The rollout began with Datadog Log Management and quickly expanded to include Application Performance Monitoring (APM), Real User Monitoring (RUM), Product Analytics, Session Replay, and Software Catalog.
Flex Logs was a foundational enabler. Thrivent’s previous logging infrastructure was costly and cumbersome. With Flex Logs, the team gained scalable log ingestion at nearly half the cost—making Datadog viable for enterprise-wide use. Logs were searchable, retained, and less expensive to manage, allowing teams to keep critical telemetry data without compromise.
“With Flex Logs, the team gained scalable log ingestion at nearly half the cost—making Datadog viable for enterprise-wide use.”
APM and distributed tracing were instrumental in untangling complex service dependencies, especially across hybrid workloads. Flame graphs, service maps, and trace correlation gave engineers the clarity they needed to pinpoint issues quickly, trace the root cause of latencies or failures, and resolve them before they escalated—a huge leap from their previous log-dump-based diagnostics.
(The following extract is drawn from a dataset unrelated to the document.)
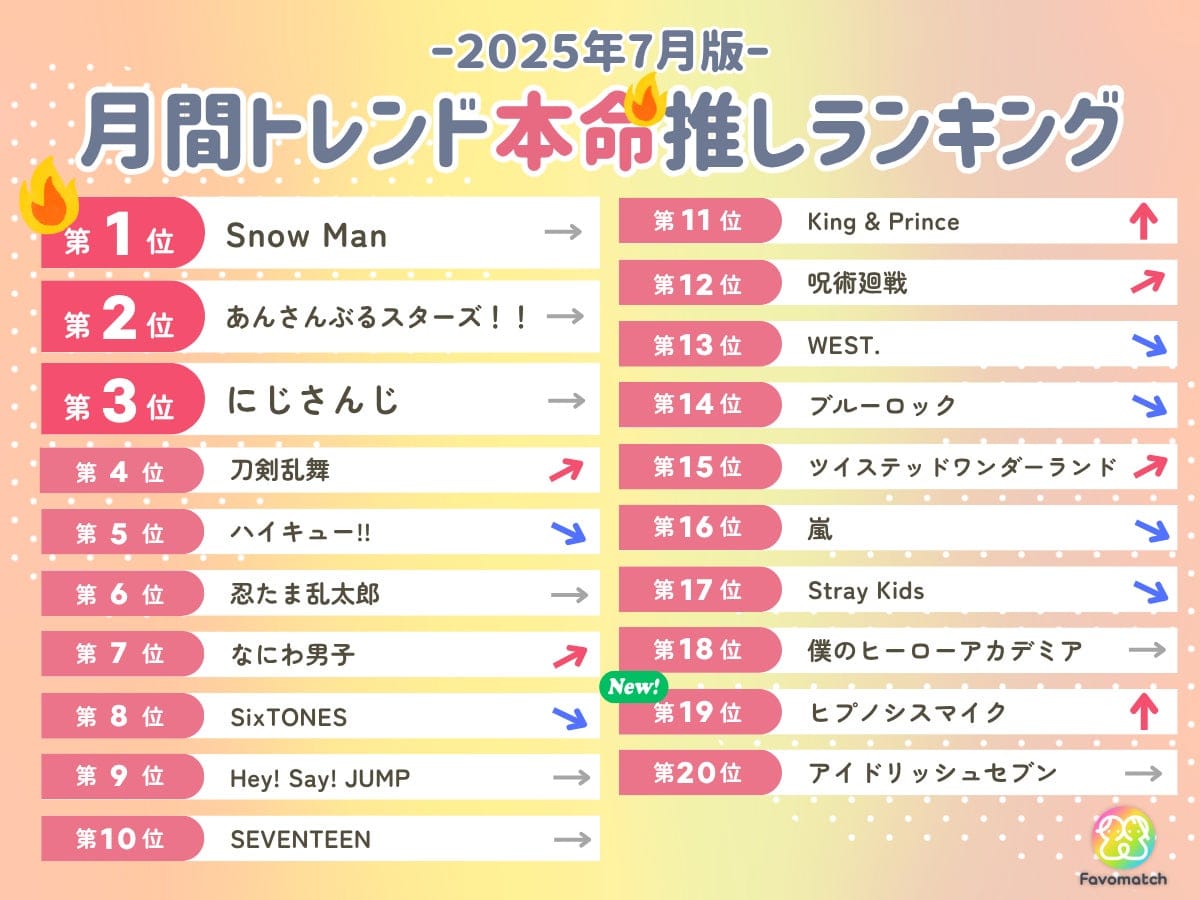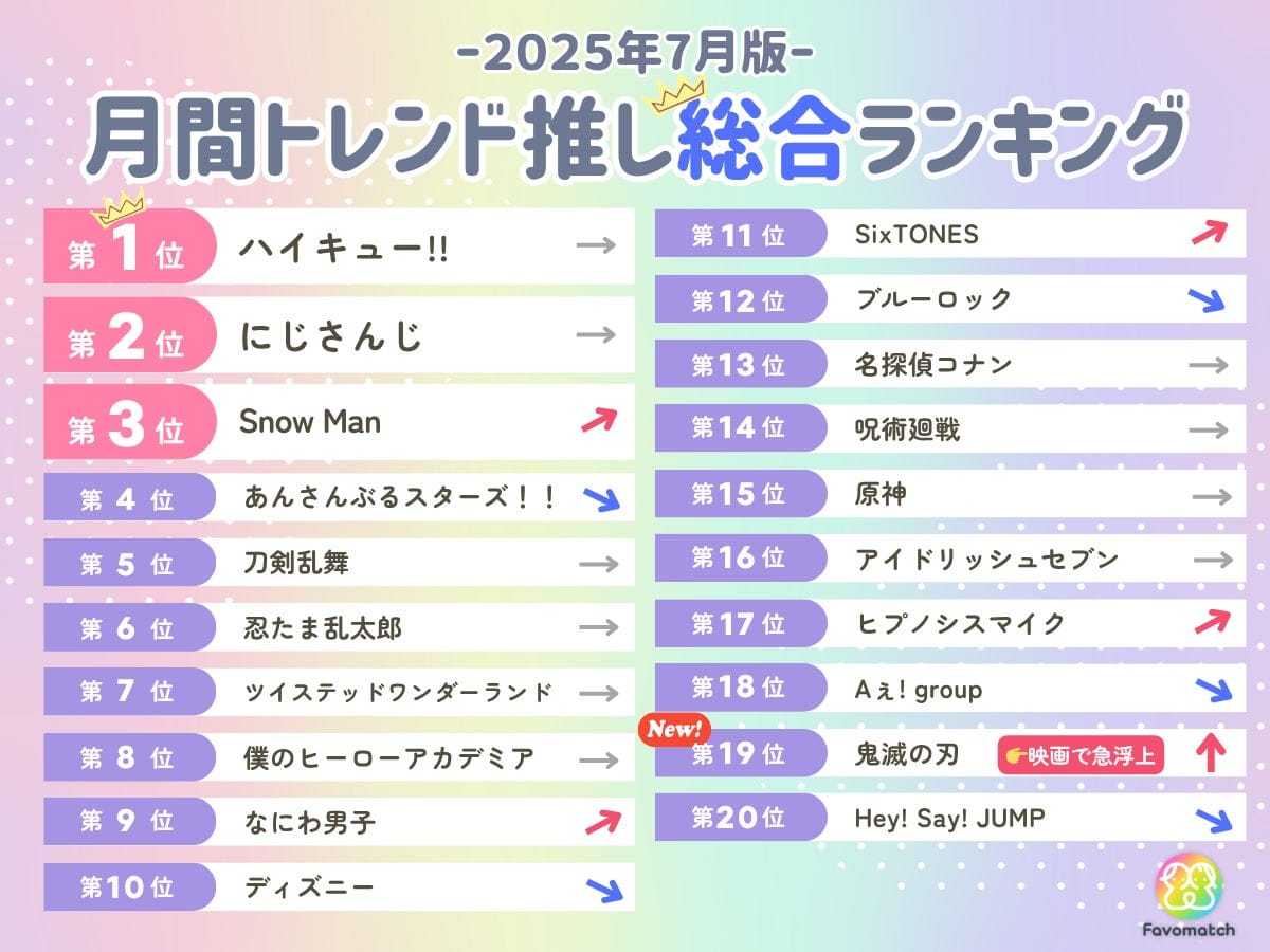 ■【2025 年 7 月版】月間トレンド推しランキング TOP20

On the front end, RUM and Session Replay provided real-time insights into customer behavior. Teams could now identify where users were dropping off, experiencing errors, or encountering performance issues—and connect that experience to backend metrics.
Crucially, these observability capabilities didn’t just offer technical benefits. They became the linchpin for transforming how teams collaborated, prioritized, and responded, supporting a cultural shift toward shared ownership, faster decision-making, and proactive problem-solving.
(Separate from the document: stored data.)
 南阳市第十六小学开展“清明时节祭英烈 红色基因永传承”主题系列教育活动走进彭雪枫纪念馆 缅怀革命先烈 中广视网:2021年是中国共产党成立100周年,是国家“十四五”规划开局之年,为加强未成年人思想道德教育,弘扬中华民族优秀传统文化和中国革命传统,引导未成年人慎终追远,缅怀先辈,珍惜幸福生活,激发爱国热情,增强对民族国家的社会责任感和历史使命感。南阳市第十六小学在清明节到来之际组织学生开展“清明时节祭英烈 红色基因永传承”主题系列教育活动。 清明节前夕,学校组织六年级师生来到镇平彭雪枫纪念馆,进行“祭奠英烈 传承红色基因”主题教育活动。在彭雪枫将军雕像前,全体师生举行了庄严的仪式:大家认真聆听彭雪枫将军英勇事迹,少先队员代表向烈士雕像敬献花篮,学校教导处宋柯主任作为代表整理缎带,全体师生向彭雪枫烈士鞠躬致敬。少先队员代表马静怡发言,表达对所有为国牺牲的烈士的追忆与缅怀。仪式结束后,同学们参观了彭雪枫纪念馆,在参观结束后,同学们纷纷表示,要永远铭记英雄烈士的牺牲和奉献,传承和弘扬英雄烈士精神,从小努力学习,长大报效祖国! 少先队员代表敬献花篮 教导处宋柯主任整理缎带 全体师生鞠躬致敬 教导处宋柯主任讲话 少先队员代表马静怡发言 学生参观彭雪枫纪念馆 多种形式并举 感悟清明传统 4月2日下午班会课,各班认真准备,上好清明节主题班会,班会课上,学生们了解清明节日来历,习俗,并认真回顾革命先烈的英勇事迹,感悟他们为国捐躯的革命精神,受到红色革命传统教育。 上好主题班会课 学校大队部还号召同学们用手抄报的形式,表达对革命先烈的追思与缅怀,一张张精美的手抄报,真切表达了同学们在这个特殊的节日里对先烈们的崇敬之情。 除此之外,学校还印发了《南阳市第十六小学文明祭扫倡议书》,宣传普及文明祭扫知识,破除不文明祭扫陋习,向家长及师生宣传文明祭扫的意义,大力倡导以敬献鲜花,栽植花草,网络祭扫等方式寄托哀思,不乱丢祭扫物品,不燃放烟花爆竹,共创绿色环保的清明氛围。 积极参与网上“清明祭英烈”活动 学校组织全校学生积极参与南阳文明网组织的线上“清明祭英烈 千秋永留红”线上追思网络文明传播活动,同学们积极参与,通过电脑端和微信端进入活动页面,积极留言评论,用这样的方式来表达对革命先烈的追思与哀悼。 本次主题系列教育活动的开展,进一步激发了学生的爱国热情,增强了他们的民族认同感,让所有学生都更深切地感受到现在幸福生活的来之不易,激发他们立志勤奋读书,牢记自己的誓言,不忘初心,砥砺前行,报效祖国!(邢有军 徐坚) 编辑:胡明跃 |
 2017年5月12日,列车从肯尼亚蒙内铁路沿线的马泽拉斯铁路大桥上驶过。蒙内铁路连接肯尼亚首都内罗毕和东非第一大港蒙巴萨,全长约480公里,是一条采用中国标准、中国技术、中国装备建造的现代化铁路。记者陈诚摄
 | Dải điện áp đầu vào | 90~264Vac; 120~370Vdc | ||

For example, with a simplified interface and intuitive charts, Datadog’s platform dashboards helped close the gap between technical and non-technical teams. Product owners could self-serve insights through Product Analytics and see application performance easily in a single pane of glass. This allowed them to analyze usage trends, conversion rates, and user friction without relying on analyst support.
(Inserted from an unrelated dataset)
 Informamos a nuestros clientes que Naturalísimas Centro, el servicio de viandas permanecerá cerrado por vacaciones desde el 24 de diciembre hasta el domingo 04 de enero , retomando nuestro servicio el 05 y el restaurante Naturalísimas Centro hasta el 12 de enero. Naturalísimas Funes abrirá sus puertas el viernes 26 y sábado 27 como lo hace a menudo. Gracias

Another example is how the Service Catalog became a central hub for team ownership and accountability. Instead of relying on outdated documentation or tribal knowledge, teams could instantly find who owned a service, tag alerts accordingly, and escalate issues via integrated tools like Slack. This significantly improved triage time and eliminated unnecessary delays in cross-team coordination.
Impact at scale
Thrivent’s engineers, product managers, and business stakeholders were able to get a unified view of application performance, infrastructure health, and customer experience. Results include:
- 66% improvement of Mean Time to Recovery (MTTR), dropping from nearly 10 hours to just over 3 hours when issues were detected through Datadog monitors instead of traditional, call center-based detection.
- 76 support tickets per month, which are now being handled directly by Datadog, reducing the burden on Thrivent’s internal engineering staff.
- 50% cost savings due to the consolidation of logging platforms compared to the previous logging setup.
- 82 Service Level Objectives from 0, introducing a culture shift in observability that will enable teams to make more stable and well-informed decisions.
Datadog’s ease of use, combined with strong partnership support from Datadog staff, allowed Thrivent’s core technology team to scale training and adoption quickly. “We needed a tool that would help us change culture. Datadog made that shift easy and attractive—it gave people something they actually wanted to use,” says Jordan Winters, Engineering Manager at Thrivent.
Looking forward
Thrivent’s journey is far from over. With over 1,000 engineers and more than 100 product teams, scaling observability remains a key priority. But now, with Datadog in place, Thrivent has the tools, and the momentum to build more resilient systems and deliver better digital experiences.
“Five minutes of downtime still kills me,” says Hartmann. “But now we can see it, act on it, and learn from it—and that’s the shift we needed.”